If she received the support of two former Ecology ministers, Delphine Batho and Corinne Lepage as well as Green MEP Michèle Rivasi on Thursday at a press conference in Paris, which calls her "whistleblower" She has powerful detractors as well. This is the case of the epidemiologist Ségolène Aymé, research director emeritus at Inserm, who castigates outright the "lies" and "irresponsible attitude" of Emmanuelle Amar.

Attacks that she considers "slanderous". Emmanuelle Amar directs the Remera founded in 1973 after the scandal of thalidomide, anti-nauseous which had born thousands of children without arms between 1957 and 1962. The register has helped to show the consequences of taking the antiepileptic Dépakine during pregnancy.

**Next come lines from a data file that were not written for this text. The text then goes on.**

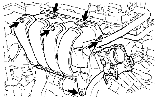 Install the intake manifold and throttle body with the 2 brackets, 4 bolts and 2 nuts.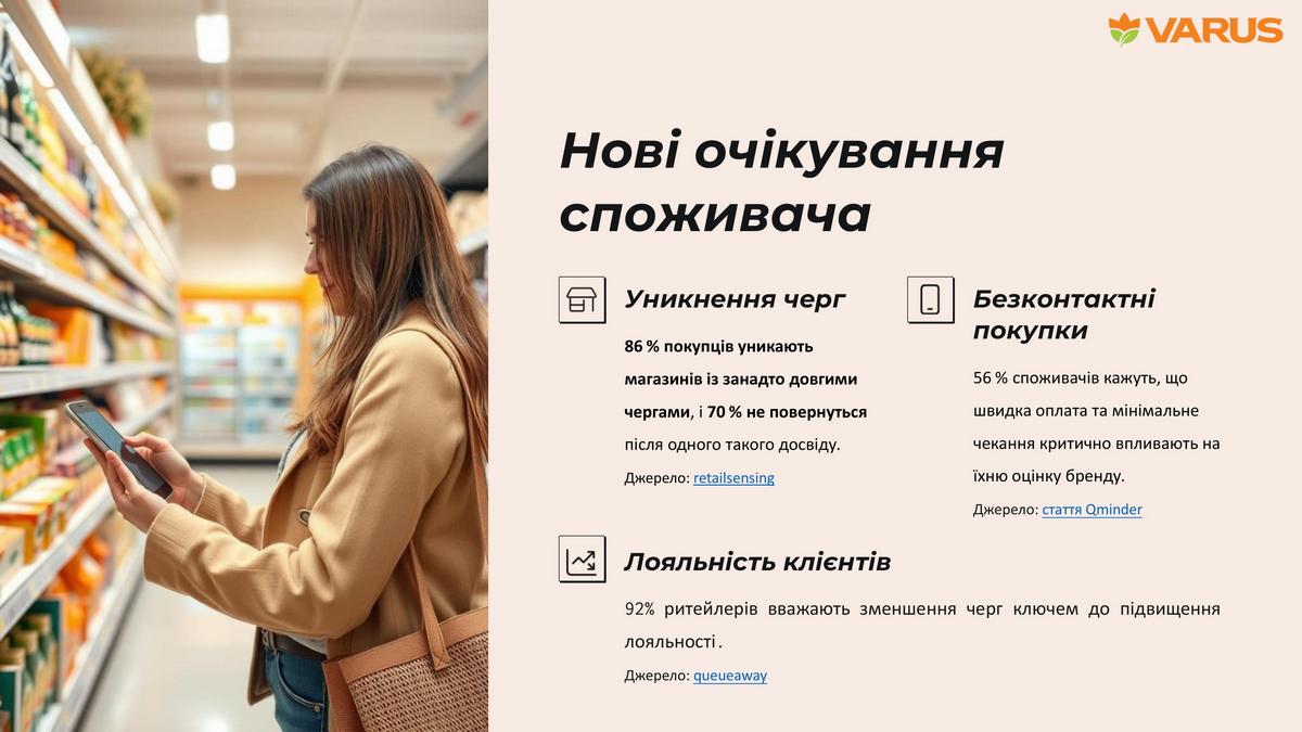Современный ритейл требует новых решений, чтобы соответствовать ожиданиям потребителей. Критическая проблема современного ритейла – это очереди. Так, 86% покупателей избегают магазинов с длинными очередями, а 70% не возвращаются после одного негативного опыта ожидания. Это не просто неудобство для клиентов – это серьезные финансовые потери для бизнеса.
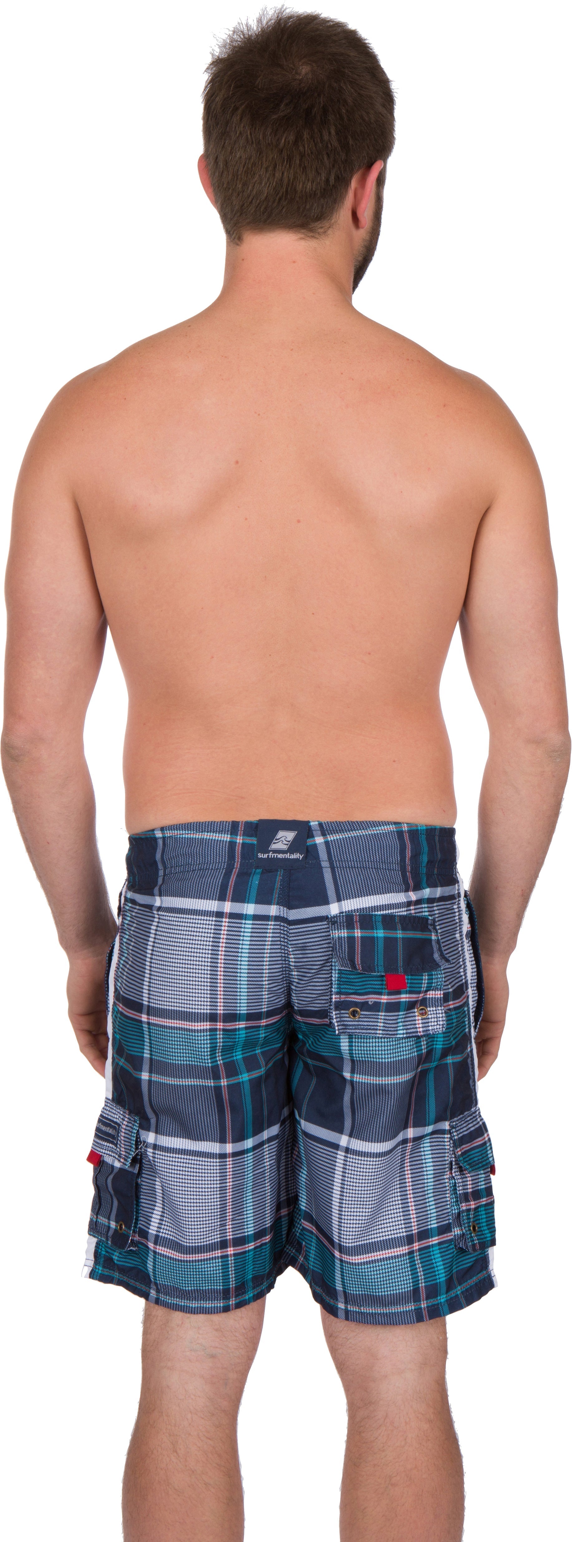 Features two front and one back velcro closure pockets with drain holes, mesh lining, and stretch waistband with drawstring. Fashionable and trendy plaid design will be sure to make a statement at the beach, the pool, or your favorite hang out. Perfect for catching waves, skateboarding, and swimming. Machine Wash Cold, Line Dry. Imported |Material: 100% Polyester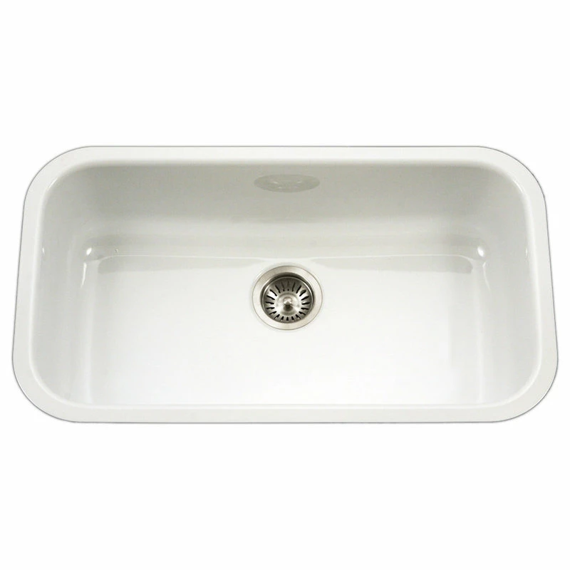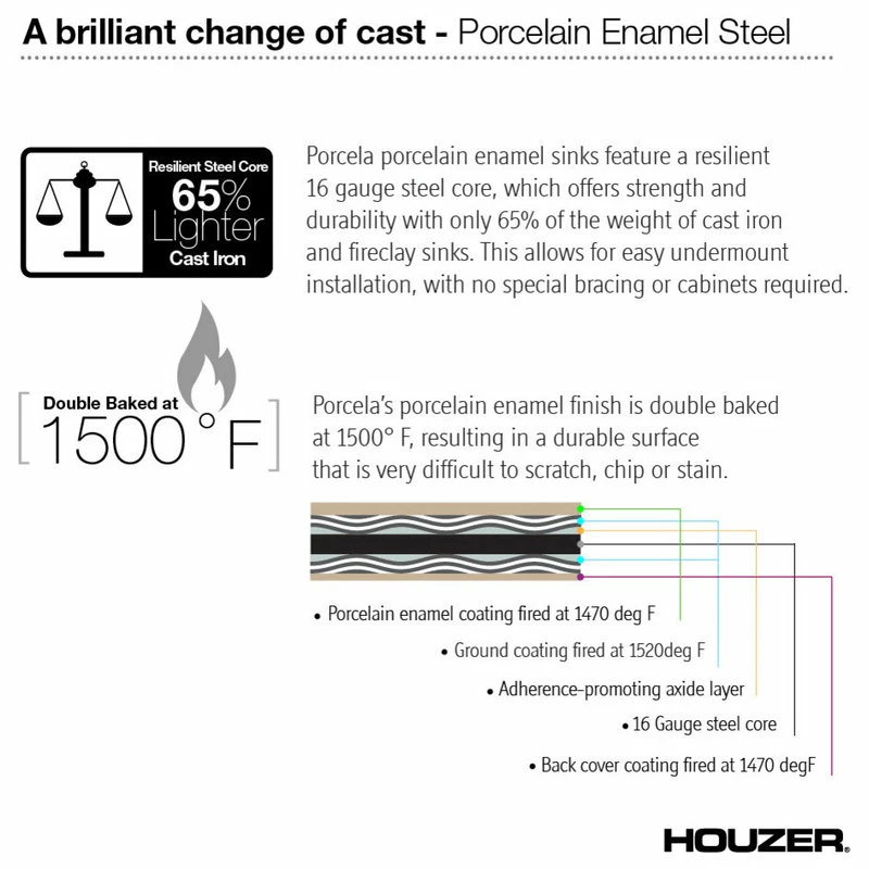 The Porcela Porcelain Enamel and Steel Undermount Kitchen Sink gives a classic shape a modern update. This 31-inch-wide sink comes in a striking white color. Double-fired porcelain enamel covers a steel base, which gives this a cast-iron look while being lighter and easier to install. This sink is resistant to chips, stains and scratches and is a smart choice for a contemporary kitchen.

In Brittany and Loire-Atlantique

This summer, he revealed that several babies were born in recent years without hands, arms or forearms in a restricted area of ​​Ain (7 births between 2009 and 2014).
Two other groups of cases were observed, in Loire-Atlantique (3 between 2007 and 2008) and in Brittany (4 between 2011 and 2013).

After an inquiry, the public health agency France concluded in early October that the number of Ain cases was not statistically higher than the national average.
Conversely, there is, according to her, an excess of cases in Loire-Atlantique and Brittany, but which remain unexplained.

The Remera is in danger because it has been removed two major funding, including that of Inserm. It remains only the funds of Public Health France and the Agency of Medicines (ANSM), or 115'000 euros per year while it would take 250'000, according to its director who will be auditioned Tuesday at the National Assembly.
 
Emmanuelle Amar can however count on the support of Remera's scientific council, which denounced in a statement "odious attacks". "He is a brilliant person, who has courage and stubbornness," says Elisabeth Gnansia, president of the scientific council and former director of Remera.